The problems facing the Indonesian investigation do not only concern who will be indicted. Last week's amendment to the Indonesian constitution and the continuing lack of any current human rights legislation has led rights groups to question whether Indonesia has the legal apparatus to try the Government or military.

The amendment voted by Indonesian parliamentarians bans retroactive prosecution of human rights cases. This means not trying those responsible for past crimes committed when there were no laws to cover those crimes.

Although non-retroactivity is a principle recognised by governments around the world, activists worry that in Indonesia it will be used to block any trials of military personnel.

"This new amendment will prevent the prosecution of the East Timor cases in a human rights court," says Asmara Nababan, Secretary-General of Indonesia's National Commission on Human Rights.

However, he points out that there is still an opportunity to try the cases under draft human rights legislation being considered in Indonesia. This legislation is due to be passed by the Government in the next few months.

"If this happens soon, I have not lost hope," says Mr Nababan.

But the proposed human rights legislation does not come without its own problems. Although it provides for ad hoc human rights courts to be established, this can only be done by presidential and parliamentary decree, placing the process directly under political will. And there is no guarantee that the Bill will be passed in time to try the East Timorese cases.

In East Timor itself, calls for justice remain strong, as Mrs Robinson discovered herself on a recent visit. "Justice came up at every single meeting and I am not surprised because I remember hearing secondhand, not witnessing directly myself, terrible human rights violations, and that is not something that you can put out of your mind," she said when asked if she was shocked by the insistence of the calls.

The next few months will prove a testing time for the Indonesian justice process.
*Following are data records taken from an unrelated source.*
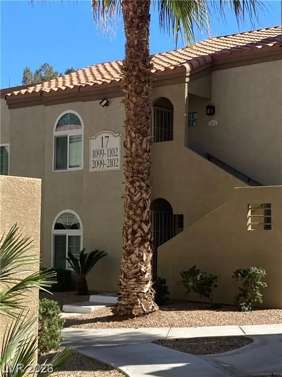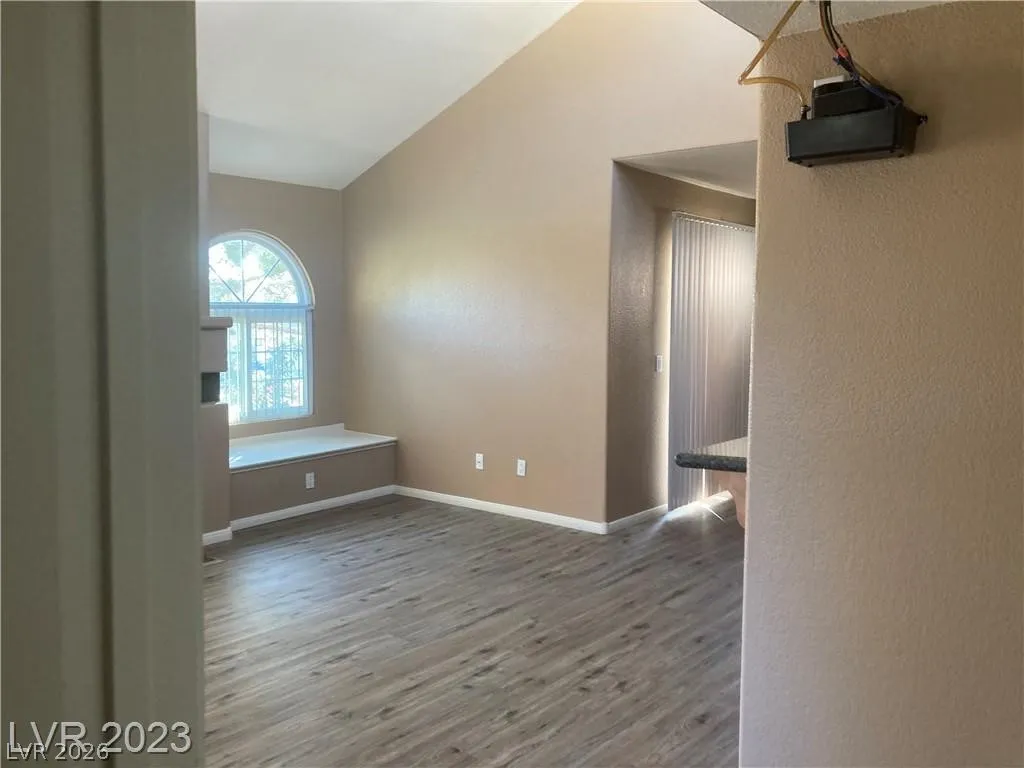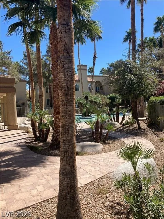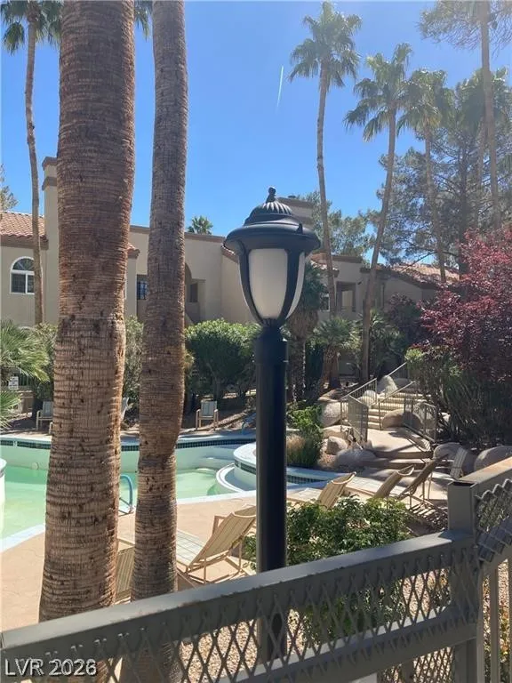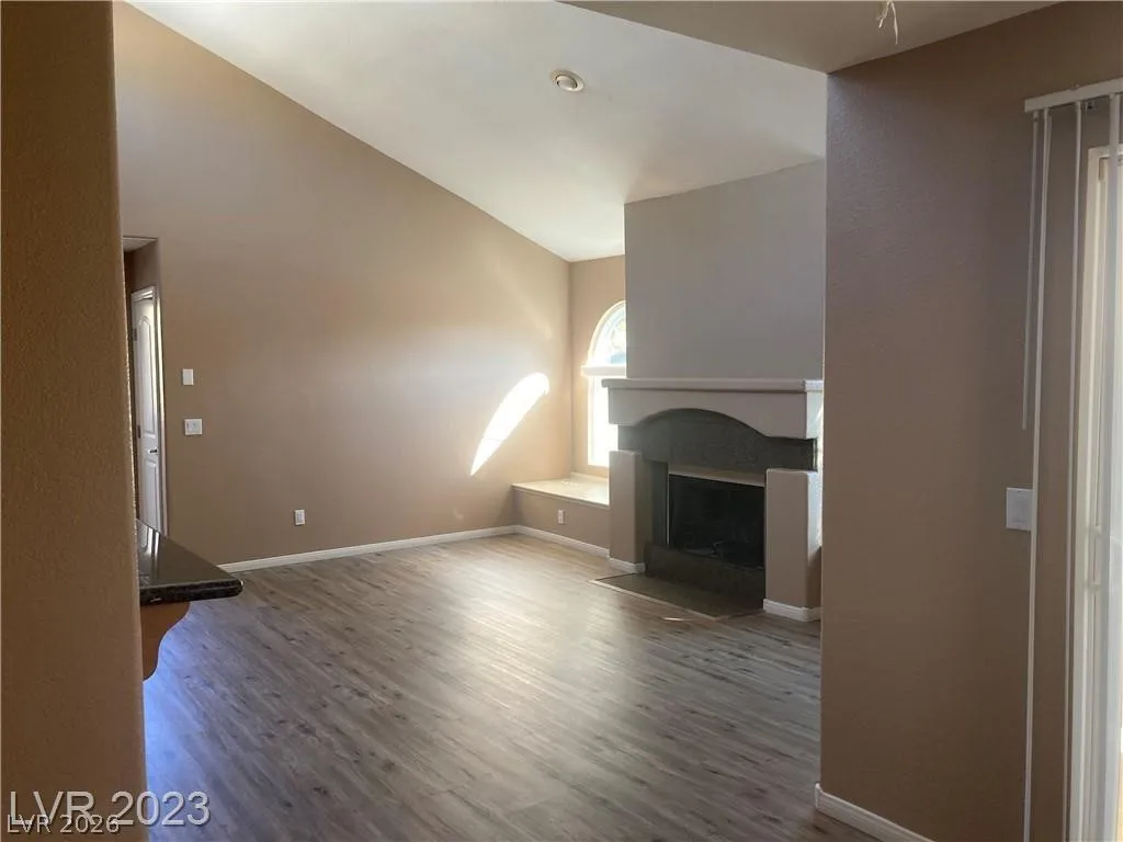 Upstairs two-bedroom remodeled unit featuring updated flooring and fresh paint throughout. Each bedroom includes its own private bathroom. Bright living room with wood-burning fireplace and vaulted ceiling. Kitchen offers stainless steel appliances and abundant natural light from numerous windows. Washer and dryer included in-unit. Community amenities include pool and playground.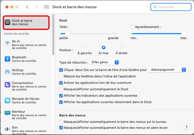 Si tu passes par le menu Pomme > "Préférences système" > "Dock et barre des menus", qu'observes-tu ?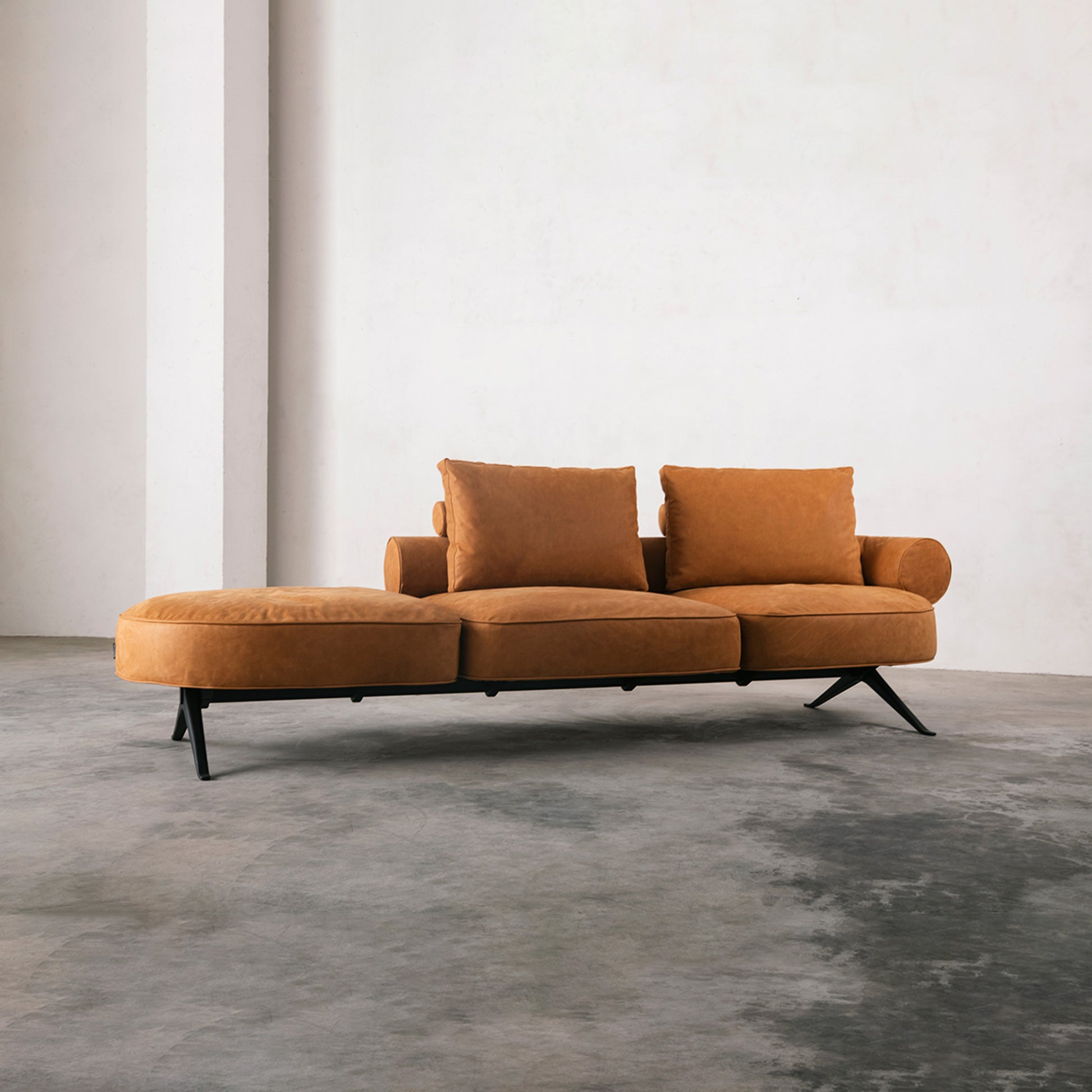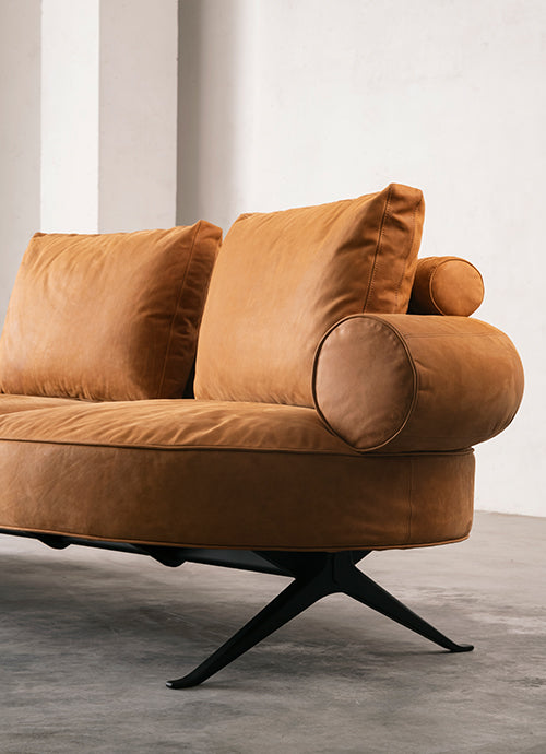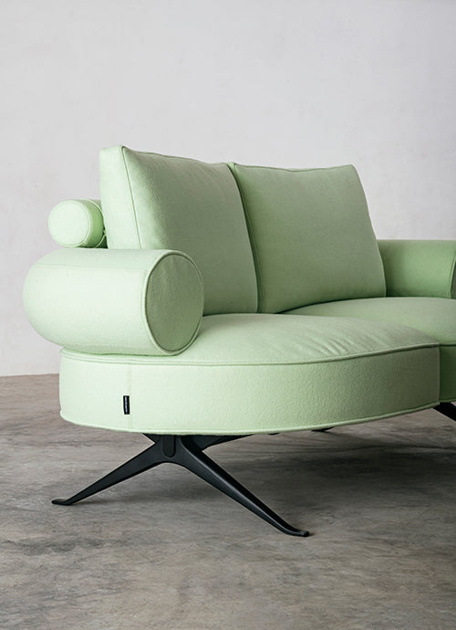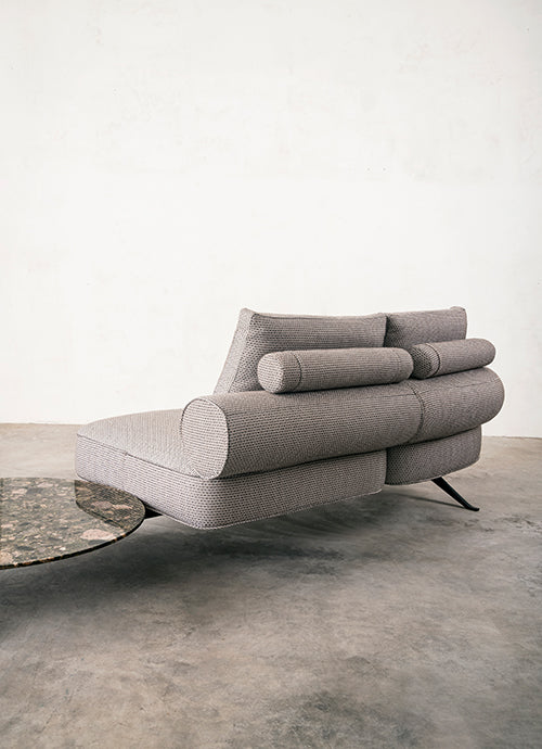 An arched angular piece, a central square and a circular one, available both as a table and as a pouf, are the foundation for a variety of settings. Supported by a discrete and elegant cast aluminium feet, the three modules can be juxtaposed and mixed with the addition of cylindrical and rectangular cushions for the backrest. From a classic three seater sofa to a number of wider and more complex solutions.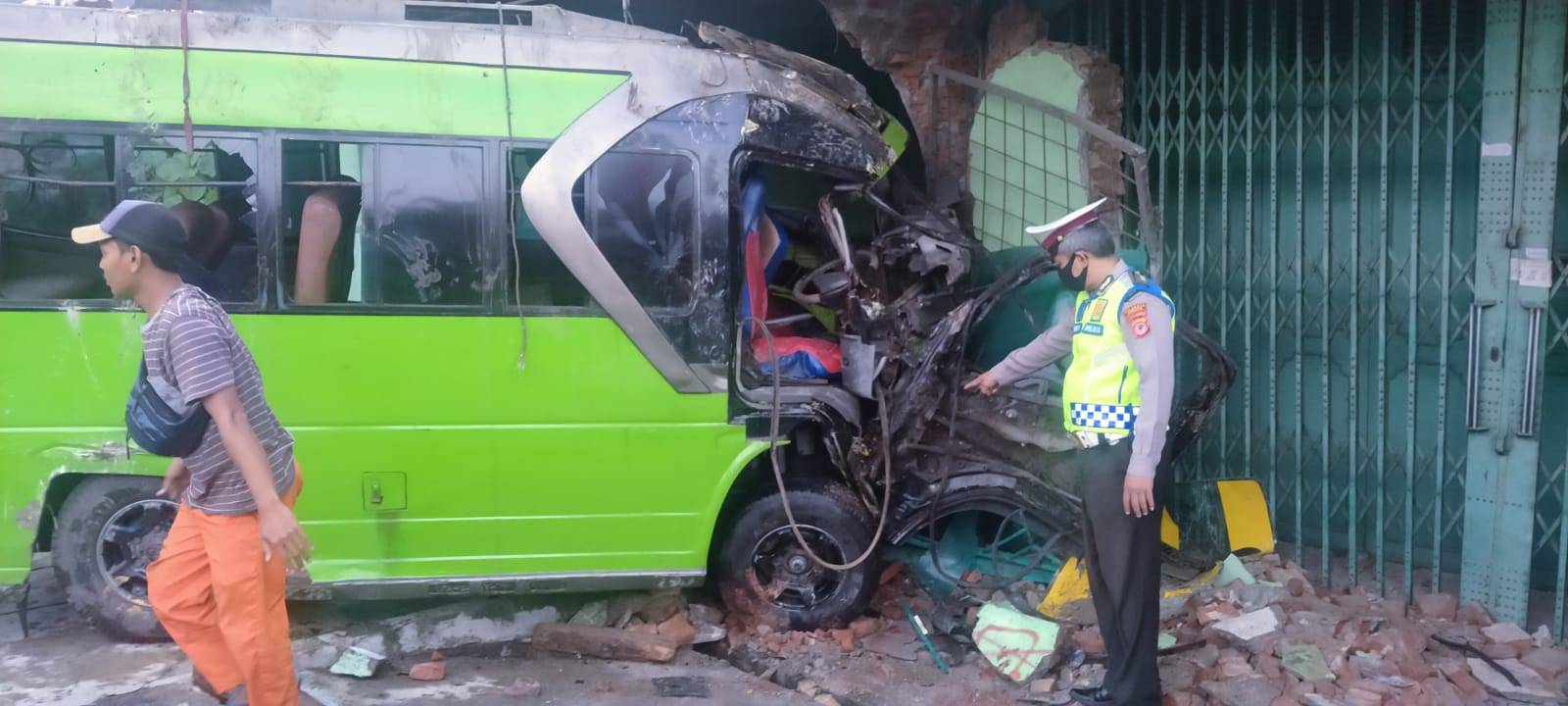 Mikrobus Oleng di Jamblang Hantam Ruko dan Sepeda Motor

If there are neither indictments of senior figures nor the passing of the new legislation, those monitoring the process will increasingly ask whether it meets Mr Annan's criteria of credibility.

If not, human rights organisations and the international community will increase its pressure to move the investigation to a special tribunal in East Timor itself which, with international judges, prosecutors and defenders, will function as a de facto international tribunal.

And the process will be watched very closely in East Timor, where human rights campaigner Mr Fontesca wonders if he will ever see real justice for the murder, destruction and violence of last year.

"There has to be justice in East Timor. Not just for the East Timorese, but for the whole world community," says Mr Fontesca.

"It must be allowed to create a precedent that can work for universal human rights in order to ensure there are no further violations."

Joanna Jolly is a Jakarta-based journalist.